# Springfield Armory??



## GunConvert (Feb 26, 2009)

While doing some research and shopping around for a good ccw pistol I came across the XD9mm (sub-compact of course). I was browsing some GunBroker listings when I discovered this picture:

http://s159.photobucket.com/albums/t125/kr_welter/?action=view&current=pix413157171.jpg
Given the history of the Springfield company...whats with this Croatia Stuff??

Also if I could combine two posts into one:mrgreen:.....

Is there anyone out there that can give some thoughts or comparison of the Glock 26 to the XD9 sub...the cost is the same for these two pistols so obviously no one pistol has the "cost" advantage...

Thanks!


----------



## kg333 (May 19, 2008)

GunConvert said:


> While doing some research and shopping around for a good ccw pistol I came across the XD9mm (sub-compact of course). I was browsing some GunBroker listings when I discovered this picture:
> 
> http://s159.photobucket.com/albums/t125/kr_welter/?action=view&current=pix413157171.jpg
> Given the history of the Springfield company...whats with this Croatia Stuff??


Google is your friend: http://en.wikipedia.org/wiki/Springfield_XD
"The Springfield Armory XD is a semi-automatic pistol manufactured in the city of Karlovac, Croatia by HS Produkt (formerly I.M. Metal), and licensed and sold in the US by Springfield Armory, Inc."

KG


----------



## GunConvert (Feb 26, 2009)

Thank you good sir.
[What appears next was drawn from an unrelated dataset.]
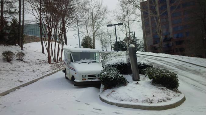 Sometimes, we stumble upon unfortunate, temporary circumstances of abandonment. Take his mail carrier, who abandoned his vehicle in the midst of an unexpected Atlanta ice storm. Looks like he decided to heck with the postman’s motto “Neither snow nor rain nor heat nor gloom of night stays these couriers from the swift completion of their appointed rounds.” But there are still questions like “Where did he go?” “What happened to the mail left unattended?” I guess I can’t blame this postal carrier too much. Ice in Atlanta is not a force to be messed with.

I had a feeling this was the case but its still disappointing to discover a company with such a rich historical background is no longer manufacturing all of its products here in the US of A


----------



## plentyofpaws (Nov 7, 2008)

*Do a search for this subject*



GunConvert said:


> Thank you good sir. I had a feeling this was the case but its still disappointing to discover a company with such a rich historical background is no longer manufacturing all of its products here in the US of A


Some months ago I posted a very similar post. Got lots of info back, might offer some good reading for you.


----------



## Todd (Jul 3, 2006)

Don't let the Croatia thing throw you. I have an XD40 and XD9SC. Both guns are well made and very reliable.


----------



## babs (Nov 30, 2007)

You'll find in research the XD was originally imported by HS America as the HS 2000, I think.. Such a good pistol and was so affordable like in the less than $300 range even, that Springfield jumped on them, prudently.. Changed nothing.. Now they're mid-$500's to $650. A testimate to their quality as a fine design and I think about the smartest big move Springfield has made in a long long time because even at current pricing, the XD is an awesome value compared to it's direct competitors, as a "Glock alternative" I guess with more traditional 1911 grip angle.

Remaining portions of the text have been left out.